Le 23 août 2026 marque le 235ᵉ anniversaire de l’insurrection qui a éclaté à Saint‑Domingue en 1791, déclenchant le processus qui mènera à l’abolition de l’esclavage dans les colonies françaises. Depuis 1998, l’UNESCO célèbre cette date comme journée mondiale du souvenir de la traite négrière et de son abolition.
Une demande de redéfinition
Jean‑Léon Ambroise, politologue et directeur de l’Institut Yves Dejean, a soumis une lettre ouverte au bureau haïtien de l’UNESCO. Il y propose de reconsidérer le libellé et le cadre narratif de la commémoration. Selon lui, la formulation actuelle ne rend pas pleinement justice à la portée de l’insurrection, qui, au-delà d’une simple victime de la traite, représente un acte d’émancipation et de reconstruction de l’humanité.
Ambroise souligne que le 23 août doit être perçu comme le moment où les personnes réduites en esclavage ont exercé une puissance d’action, en organisant le Congrès de Bois‑Caïman sous la conduite de Dutty Boukman. Cette prise d’initiative a déclenché une série d’événements, dont la lutte contre la tentative de rétablissement de l’esclavage en 1802.
Arguments avancés
Dans son texte, le politologue critique l’appellation actuelle, qu’il juge trop centrée sur la condition de victime et insuffisante pour rendre compte de l’agence des insurgés. Il propose que la journée soit présentée comme « journée mondiale du geste de restauration de l’humanité », afin de mettre en avant le rôle actif des esclaves dans la transformation du système colonial.
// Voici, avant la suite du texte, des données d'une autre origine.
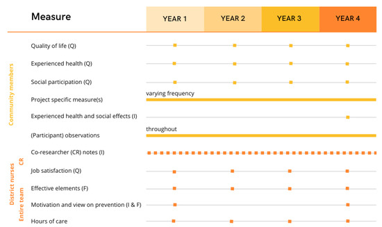 Impact measurements of collective prevention projects. Note: Q = questionnaire, I = Interview, F = focus group. CR = Co-researchers: the district nurses who have an active role in the development of the prevention projects.

Il rappelle également que la reconnaissance internationale de la date a déjà constitué un « grand pas » vers une humanité réconciliée, mais que la mémoire collective doit évoluer pour inclure la dimension politique et théorique de cet événement fondateur.
Perspectives
La proposition d’Ambroise s’inscrit dans un débat plus large sur la manière dont les sociétés commémorent les luttes contre l’oppression. Si l’UNESCO accepte de réviser le texte officiel, la nouvelle dénomination pourrait influencer les programmes éducatifs et les commémorations à l’échelle mondiale, offrant une lecture plus dynamique de l’histoire haïtienne.